You may also [suggest changes by opening a PR](https://github.com/ADBond/splinkclickhouse/pulls), although it may be best to discuss in an issue beforehand.

This package is 'unofficial', in that it is not directly supported by the Splink team. Maintenance / improvements will be done on a 'best effort' basis where resources allow.

## Known issues / caveats

### Datetime parsing

Clickhouse offers several different date formats.
The basic `Date` format cannot handle dates before the Unix epoch (1970-01-01), which makes it unsuitable for many use-cases for holding date-of-births.

The parsing function `parseDateTime` (and variants) which support providing custom formats return a `DateTime`, which also has the above limited range.
In `splinkclickhouse` we use the function `parseDateTime64BestEffortOrNull` so that we can use the extended-range `DateTime64` data type, which supports dates back to 1900-01-01, but does not allow custom date formats. Currently no `DateTime64` equivalent of `parseDateTime` exists.

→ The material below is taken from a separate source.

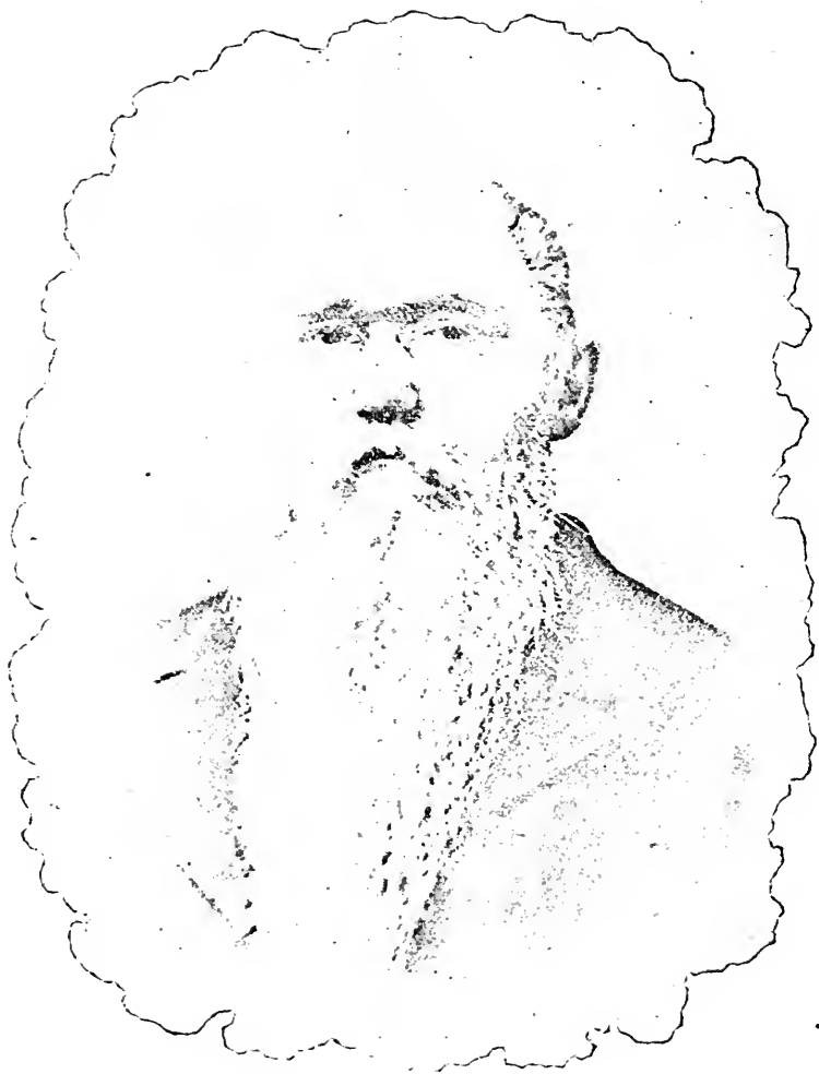
COL. WILLIAM LINN TIDBALL.

If you require different behaviour (for instance if you have an unusual date format and know that you do not need dates outside of the `DateTime` range) you will either need to derive a new column in your source data, or construct the relevant SQL expression manually.

#### Extended Dates

There is not currently a way in Clickhouse to deal directly with date values before 1900. However, `splinkclickhouse` offers some tools to help with this.
It creates a SQL UDF (which can be opted-out of) `days_since_epoch`, to convert a date string (in `YYYY-MM-DD` format) into an integer, representing the number of days since `1970-01-01` to handle dates well outside the range of `DateTime64`, based on the proleptic Gregorian calendar.

This can be used with column expression extension `splinkclickhouse.column_expression.ColumnExpression` via the transform `.parse_date_to_int()`, or using custom versions of Splink library functions `cll.AbsoluteDateDifferenceLevel`, `cl.AbsoluteDateDifferenceAtThresholds`, and `cl.DateOfBirthComparison`.
These functions can be used with string columns (which will be wrapped in the above parsing function), or integer columns if the conversion via `days_since_epoch` is already done in the data-preparation stage.

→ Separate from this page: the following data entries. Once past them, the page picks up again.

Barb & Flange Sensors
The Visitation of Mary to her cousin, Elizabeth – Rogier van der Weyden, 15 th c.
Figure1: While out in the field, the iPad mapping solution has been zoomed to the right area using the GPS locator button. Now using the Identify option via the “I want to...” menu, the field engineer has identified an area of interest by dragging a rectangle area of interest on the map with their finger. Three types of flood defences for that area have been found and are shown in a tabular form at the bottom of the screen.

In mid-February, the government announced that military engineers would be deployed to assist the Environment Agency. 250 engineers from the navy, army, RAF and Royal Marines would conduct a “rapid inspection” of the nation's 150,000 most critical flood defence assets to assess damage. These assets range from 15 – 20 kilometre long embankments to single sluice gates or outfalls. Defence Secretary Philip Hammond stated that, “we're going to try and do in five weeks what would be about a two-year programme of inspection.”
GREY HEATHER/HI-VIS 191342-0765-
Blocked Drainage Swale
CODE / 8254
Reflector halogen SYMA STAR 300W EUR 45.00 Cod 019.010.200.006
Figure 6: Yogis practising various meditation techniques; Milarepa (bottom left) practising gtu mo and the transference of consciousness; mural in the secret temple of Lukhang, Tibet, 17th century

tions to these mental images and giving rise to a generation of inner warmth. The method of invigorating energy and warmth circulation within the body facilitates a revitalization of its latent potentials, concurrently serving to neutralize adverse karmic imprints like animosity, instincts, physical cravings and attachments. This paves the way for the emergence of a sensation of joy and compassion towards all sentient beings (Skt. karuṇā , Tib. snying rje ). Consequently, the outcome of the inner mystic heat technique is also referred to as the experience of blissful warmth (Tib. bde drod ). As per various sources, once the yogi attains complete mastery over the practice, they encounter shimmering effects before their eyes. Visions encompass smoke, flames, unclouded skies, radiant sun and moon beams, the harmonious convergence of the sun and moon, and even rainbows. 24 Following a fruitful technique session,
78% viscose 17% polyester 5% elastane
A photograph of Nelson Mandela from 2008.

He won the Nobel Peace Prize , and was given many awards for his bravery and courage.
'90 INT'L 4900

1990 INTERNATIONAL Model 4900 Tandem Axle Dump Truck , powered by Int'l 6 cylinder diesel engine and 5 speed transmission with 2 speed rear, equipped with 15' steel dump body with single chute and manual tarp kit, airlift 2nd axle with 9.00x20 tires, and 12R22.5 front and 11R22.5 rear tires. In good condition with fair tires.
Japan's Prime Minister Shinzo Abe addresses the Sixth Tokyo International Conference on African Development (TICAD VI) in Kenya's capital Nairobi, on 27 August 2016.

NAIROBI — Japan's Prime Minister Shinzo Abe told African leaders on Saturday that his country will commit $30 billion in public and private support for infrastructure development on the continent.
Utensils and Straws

### `NULL` values in `chdb`

When passing data into `chdb` from pandas or pyarrow tables, `NULL` values in `String` columns are converted into empty strings, instead of remaining `NULL`.

For now this is not handled within the package. You can workaround the issue by wrapping column names in `NULLIF`:

```python
import splink.comparison_level as cl

first_name_comparison = cl.DamerauLevenshteinAtThresholds("NULLIF(first_name, '')")
```

### `ClickhouseAPI` pandas registration

`ClickhouseAPI` will allow registration of pandas dataframes, by inferring the types of columns. It currently only does this for string, integer, and float columns, and will always make them `Nullable`.

If you require other data types, or more fine-grained control, it is recommended to import the data into Clickhouse yourself, and then pass the table name (as a string) to the `Linker` instead.